Compression: The above lubricated blend was pressed into Lozenges.

Example 3: Package Stability of Lozenges

Lozenges were stored in the Blisters at 40°C and 75% relative humidity. At various time points, samples were withdrawn from the packaging and analyzed for the degradation products (impurities). Determination of degradation products was carried out by reversed phase HPLC. All the related substances i.e. cotinine, myosmine, ( G S,2' S)-Nicotine- 1 '-N-oxide, (TR,2' S)-Nicotine- 1 '-N-oxide, pseudooxynicotine, and nornicotine/anatabine were well separated from each other and other excipients. The method is stability indicating and completely validated for all parameters like specificity, linearity, precision, accuracy, robustness and solution stability. The LOD/LOQ values for all the compounds were also established. Stability results for PVC/ACLAR are shown in Table 1 below.

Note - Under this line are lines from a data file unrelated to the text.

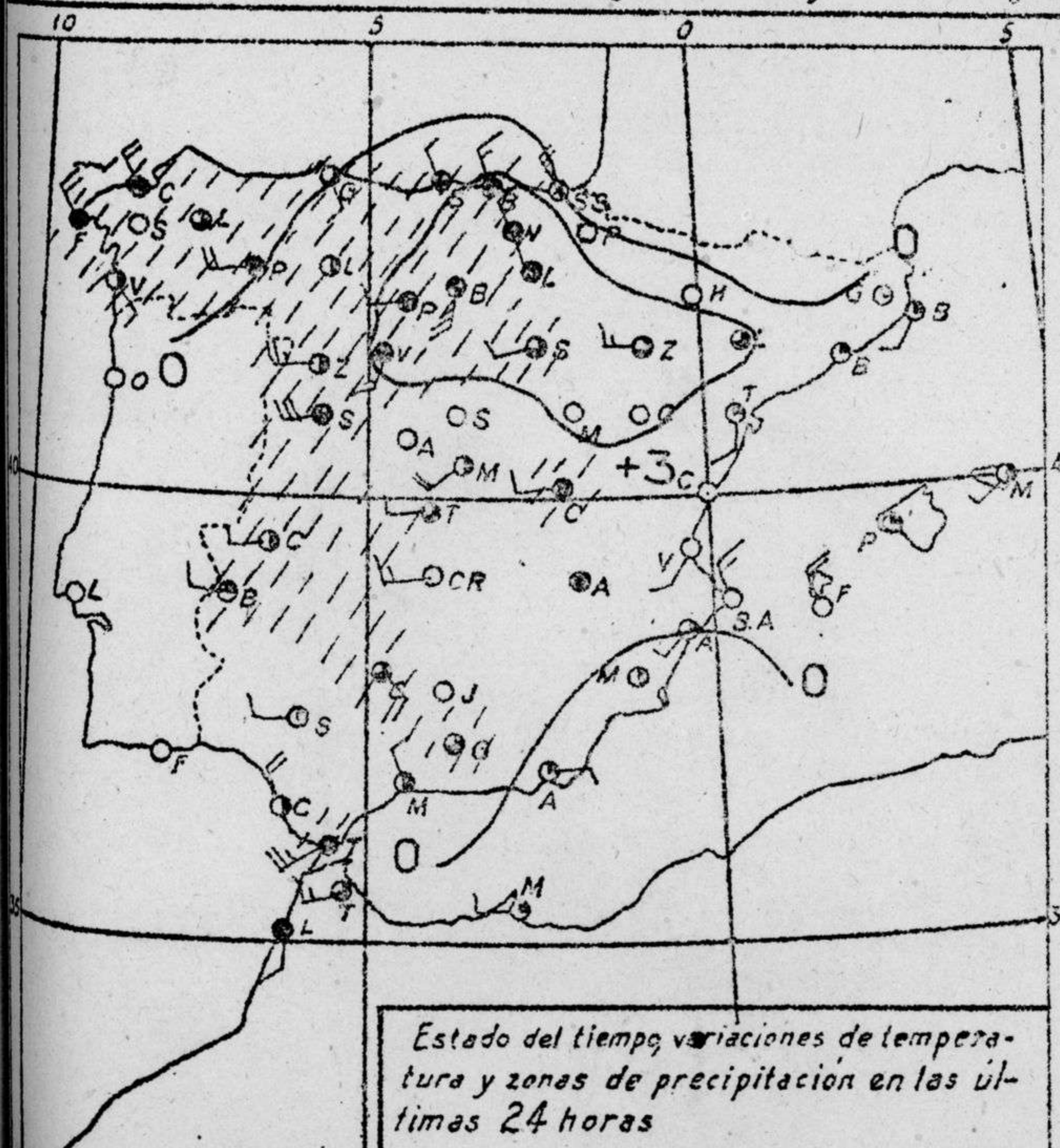
Estado del tiempo, variaciones de temperatura y zonas de precipitación en las últimas 24 horas
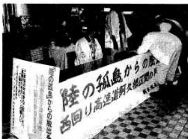
市役所玄関ホールでの署名活動

阿久根高速交通体系整備促進民間協議会は、西回り自動車道早期実現へ向け六月から署名活動を開始。六月八日と九日には、市役所玄関ロビーで来庁者への署名を呼び掛けました。
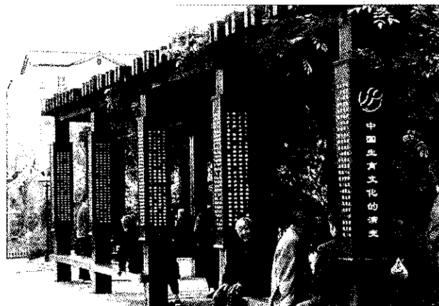
省级生育文化园区——越城区罗门公园

【创建市级生育文化特色镇(村)118个】 全年继续开展生育特色镇村(街道)创建活动,抓好人口文化广场、人口文化主题公园、规模型生育文化园区建设,加强对计划生育宣传长廊、宣传一条街、咨询服务室等宣传阵地建设,启动农民计划生育/生殖健康知识培训工程,完成《绍兴市农村人口计生知识读本》编写,并落实培训方案和师资。至年底,绍兴县夏履镇人口·生育文化广场、越城区罗门公园生育文化园区、嵊州市马寅初故居生育文化园区被省委宣传部、省人口计生委命名为省级生育文化园区;全市有18个乡镇街道、100个村创建成第二批市级生育文化特色镇(村)。(陈莉芳)
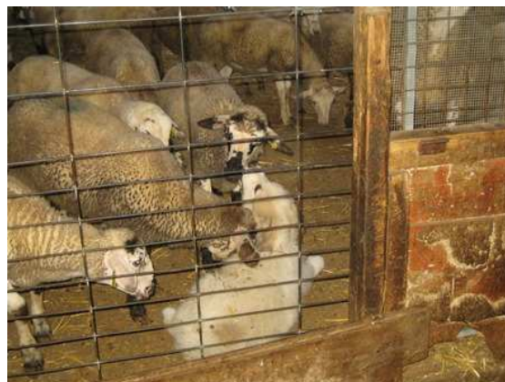
Engorgs de Ca l'Ainat

21-03-2015. Nace la primera camada de MPRs en el rebaño de "Ous Ecològics de l'Empordà" del Mas Rimbau a Cabanes en la comarca de l'Alt Empordà (Catalunya). Los padres son Artic de la Canova y Baserca de Cal Fontestà. Nacieron un macho y una hembra que se entregaron a los ganaderos siguientes:

It was observed during stability studies that impurities are well below the normal limits.

One skilled in the art will appreciate readily that the present invention is well adapted to carry out the objects and obtain the ends and advantages mentioned, as well as those objects, ends and advantages inherent herein. Changes therein and other uses which are encompassed within the spirit of the invention as defined by the scope of the claims will occur to those skilled in the art.